From: http://blog.csdn.net/xianlingmao/article/details/5774435
Graphical model is a general term for a type of technology that uses graphs to represent probability distribution.
Its main advantage is to express the conditions in the probability distribution independently in the form of graphs, so that a probability distribution (specific, and application-related) can be expressed as the product of many factors, this simplifies the calculation of a probability distribution on the edge. Here, the edge refers to the probability distribution of given n variables and the calculation of the probability distribution of M variables (M <n ).
There are two main types of graph models: Bayesian Networks (digraph models) and Markov networks (undirected graph models ).
When talking about a graph model, there are three main concerns:
1)Representation); Refers to what a graph model should look like.
2)Inference)It refers to how to calculate the probability of a query when the graph model is known. For example, we have observed some nodes to calculate the probability of other unknown nodes.
3)Learning)There are two types: Graph Structure Learning and graph parameter learning.
In this article, we will focus on the representation of the graph model. In future articles, we will discuss other aspects of the graph model.
1. Representation of directed graph models
As the name implies, the structure representation of a directed graph model is in the form of a directed graph. A directed graph is used to represent a probability distribution and thus can be used for inference.
For a directed graph model, how does one express a probability distribution through a directed graph?
For a probability distribution P (x1, x2,..., xn), we can use the chain theory in probability theory to write it as a factor.
P (x1, x2 ,..., XN) = P (X1) P (X2 | X1) P (X3 | x1, x2 ).... P (XN | X1, x2 .... X _ (n-1 ))
This is a general form of probability distribution. When a specific probability distribution occurs, many random variables are independent or the conditions are independent.

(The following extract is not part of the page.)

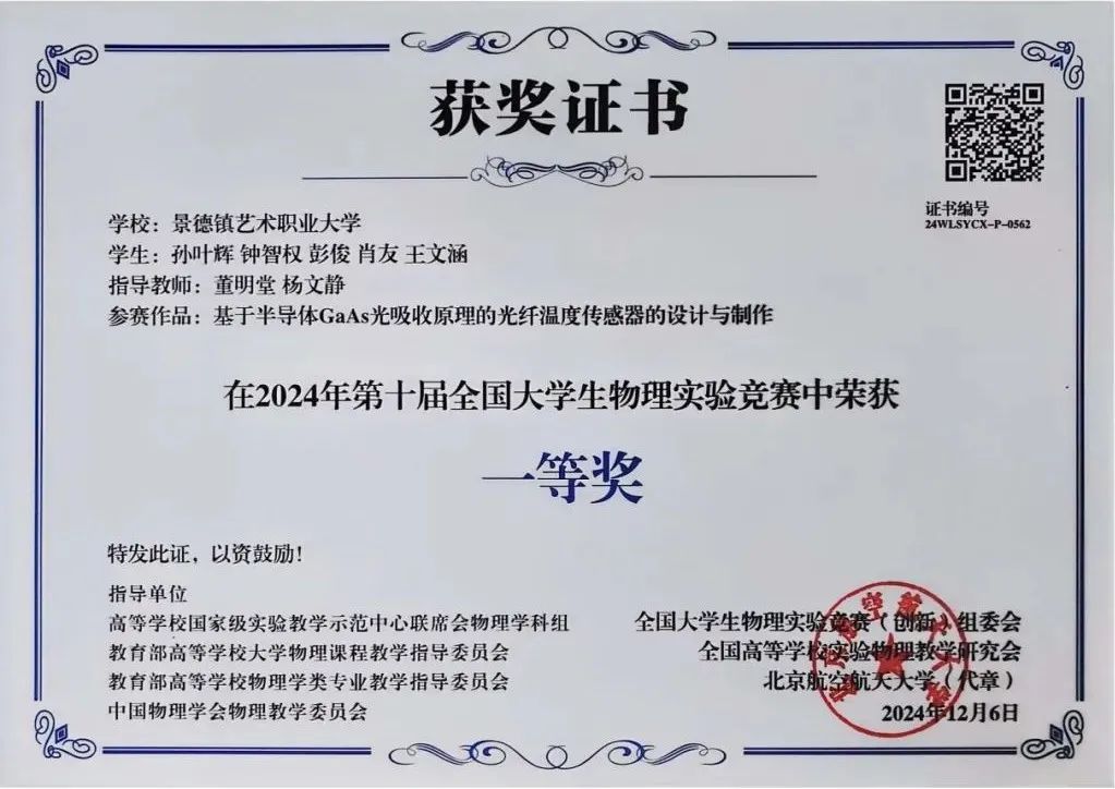 部分学生获奖证书

The preceding formula is further simplified. For example, if X3 and X1 are independent under a given X2 condition, P (X3 | x1, x2) = P (X3 | X2 ). In the simplified conditional probability distribution, we create a directed graph for each factor. Each random variable corresponds to a node of the graph, and then for each factor, each random variable node in its condition division points an edge to a non-conditional variable node. After all the factors are completed, a directed graph model can be formed. This may be too abstract. I will discuss its principles with a specific example below.
Assume that the probability distribution P (x1, x2, X3) = P (X1) P (X2 | X1) P (X3 | X1)

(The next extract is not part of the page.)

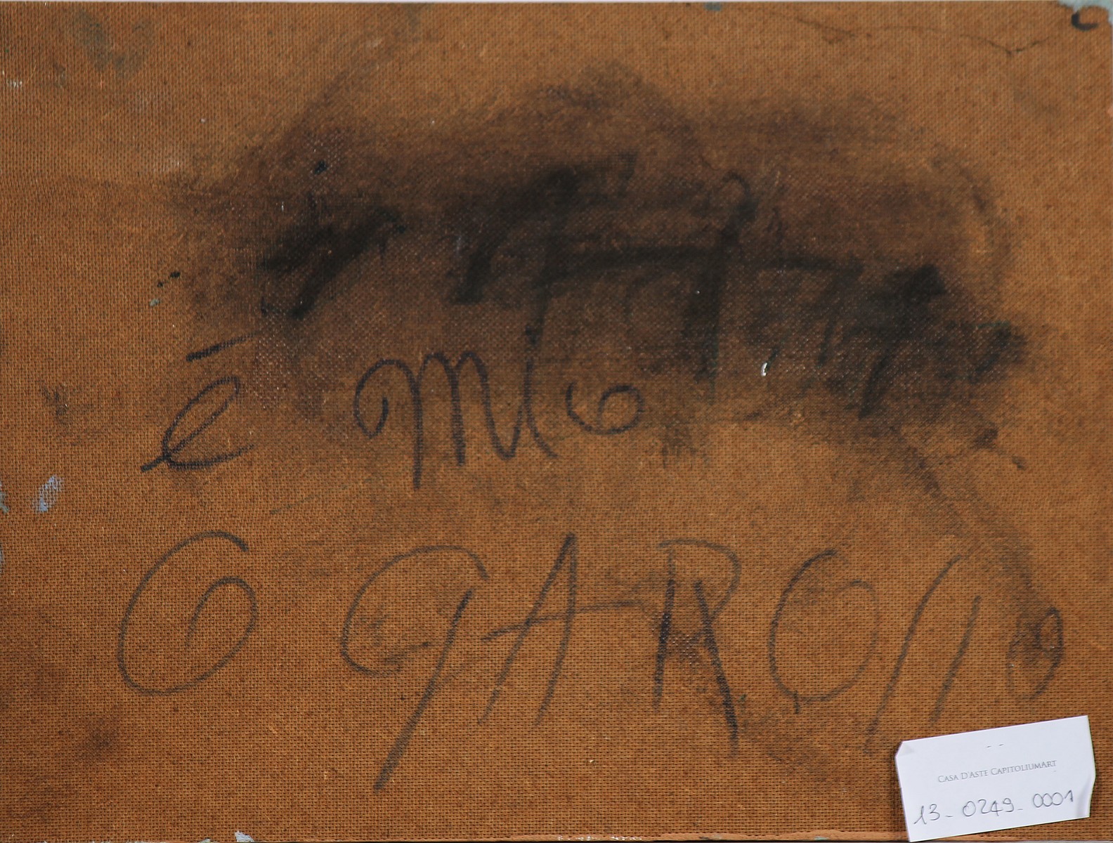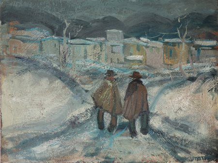 GAROSIO OTTORINO (1904 - 1980) Viandanti in un paesaggio innevato. Tecnica mista su faesite. Cm 40,00 x 30,00. Al retro firma per autentica dell'artista.

Then its directed graph model can be expressed
Instead, given a directed graph, we can directly write the probability distribution represented by this graph. You can try to write its probability distribution from the above graph.
Formally, the probability distribution represented by a directed graph model can be written as: P (X) = IIP (XI | PA (XI), whereXRepresents the vector of the random variable, II represents the product, PA (xi) represents the Father's Day of Xi.
From the above description, we can see that to fully represent a probability distribution, on the one hand, we need to know its topological structure, that is, its graphical structure;
On the other hand, we also need to know the distribution of various factors of probability distribution, that is, P (XI | PA (XI) in the above formula needs to know.
What is the form of a complete Directed Graph Model with another graph?
Each node in the preceding figure has a conditional probability distribution table (CPT), which is a parameter of the directed graph model, namely P (XI | PA (XI )).
2. Representation of undirected graph models
The undirected graph model is similar to the directed graph model to represent a probability distribution. At the same time, the condition between variables must be independently encoded in the graph representation, in this way, the representation of probability distribution can be expressed as the product of factors. The difference is that the undirected graph model is built on an undirected graph, while the directed graph model is built on a directed graph.
Let's first look at an example:
Is a complete representation of an undirected graph model. The left side is its topology and the right side is its parameters.
The undirected graph model is centered on the potential function defined on the largest group. Specifically, in this example, it has four groups: AC, AB, BD, CD. Then we need to define the corresponding potential energy function on the four groups, as shown on the right side. Note that the potential energy function must be positive.
In the end, the probability distribution of this undirected graph model is P (A, B, C, D) = (1/z) */PHI (a, c) */PHI (, b) */PHI (c, d) */PHI (B, d)
Z is the normalization factor, because the potential energy function is not normalized, and the probability is [], so normalization is required; /PHI indicates the corresponding potential energy function (because it cannot represent mathematical symbols, it is represented by symbols in latex ).
Therefore, the probability distribution represented by an undirected graph model can be formally expressed:
P (X) = (1/z) * II _ {I = 1} ^ {n}/PHI (CI (x )), the I-TH group represented by CI (all use symbols in latex to represent mathematical formulas.
Iii. Summary
Whether directed graph model or undirected graph model, we need to pay attention to its two aspects, one is to determine its structure; the other is to determine its parameters. For directed graph model, the conditional probability table needs to be determined. For an undirected graph model, the potential energy function of each group needs to be determined.